Elasticsearch cluster have millions of pending tasks

fengxiaobai · May 7, 2021, 2:05am

i have a es cluster , 7.4 version .

There are a lot of pending tasks around 8 a.m. every day。 pending task list info：

639479 "source": "ilm-execute-cluster-state-steps",
82666 "source": "ilm-move-to-step",
186 "source": "cluster_reroute(reroute after starting shards)",
12 "source": "ilm-set-step-info",
1 "source": "update-settings",

my cluster info：

my health info:
epoch timestamp cluster status node.total node.data shards pri relo init unassign pending_tasks max_task_wait_time active_shards_percent
1620352457 01:54:17 sre-elasticsearch green 34 30 18001 11216 0 0 0 610953 46.8m 100.0%

my node info:
master node 3
hot node 10
warm node 14
cold node 6
client node 1

my ilm info:
{
"hotwarm-norollover-15days-for-hot-index" : {
"version" : 18,
"modified_date" : "2021-04-25T11:13:59.657Z",
"policy" : {
"phases" : {
"warm" : {
"min_age" : "5d",
"actions" : {
"allocate" : {
"number_of_replicas" : 1,
"include" : { },
"exclude" : { },
"require" : {
"box_type" : "warm"
}
},
"set_priority" : {
"priority" : 100
}
}
},
"cold" : {
"min_age" : "9d",
"actions" : {
"allocate" : {
"number_of_replicas" : 0,
"include" : { },
"exclude" : { },
"require" : {
"box_type" : "cold"
}
},
"freeze" : { }
}
},
"hot" : {
"min_age" : "0ms",
"actions" : {
"set_priority" : {
"priority" : 100
}
}
},
"delete" : {
"min_age" : "15d",
"actions" : {
"delete" : { }
}
}
}
}
}
}

I have already created the index ahead of time at 1:30 a.m。
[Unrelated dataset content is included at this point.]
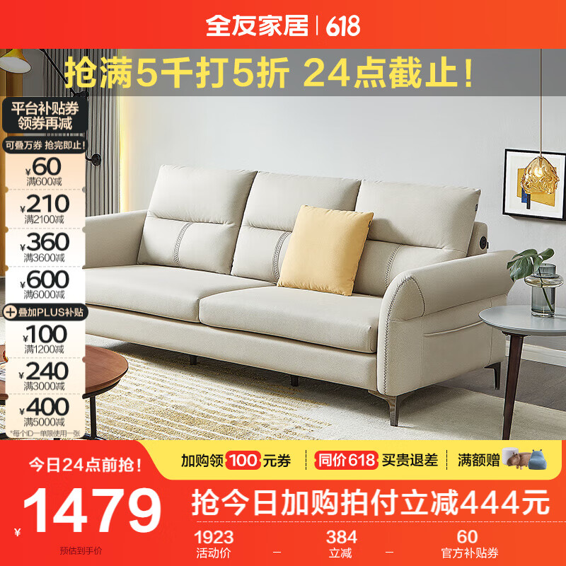 全友家居 现代简约功能科技布艺可拆洗储物三人位直排沙发客厅102679价格:1923.75元!

but there are still many pending tasks。I don't know what caused it。
Can anyone tell me why？ thanks。

fengxiaobai · May 8, 2021, 2:01am

anyone konw?

warkolm · May 10, 2021, 12:29am

FYI 7.4 just reached EOL, you will want to upgrade ASAP.

That is not a good idea, it's a waste of resources. Let Elasticsearch create them as needed.

What is the output from the _cluster/stats?pretty&human API?

fengxiaobai · May 10, 2021, 1:27am

@warkolm Thanks for your response. Are you suggesting an upgrade to fix the problem？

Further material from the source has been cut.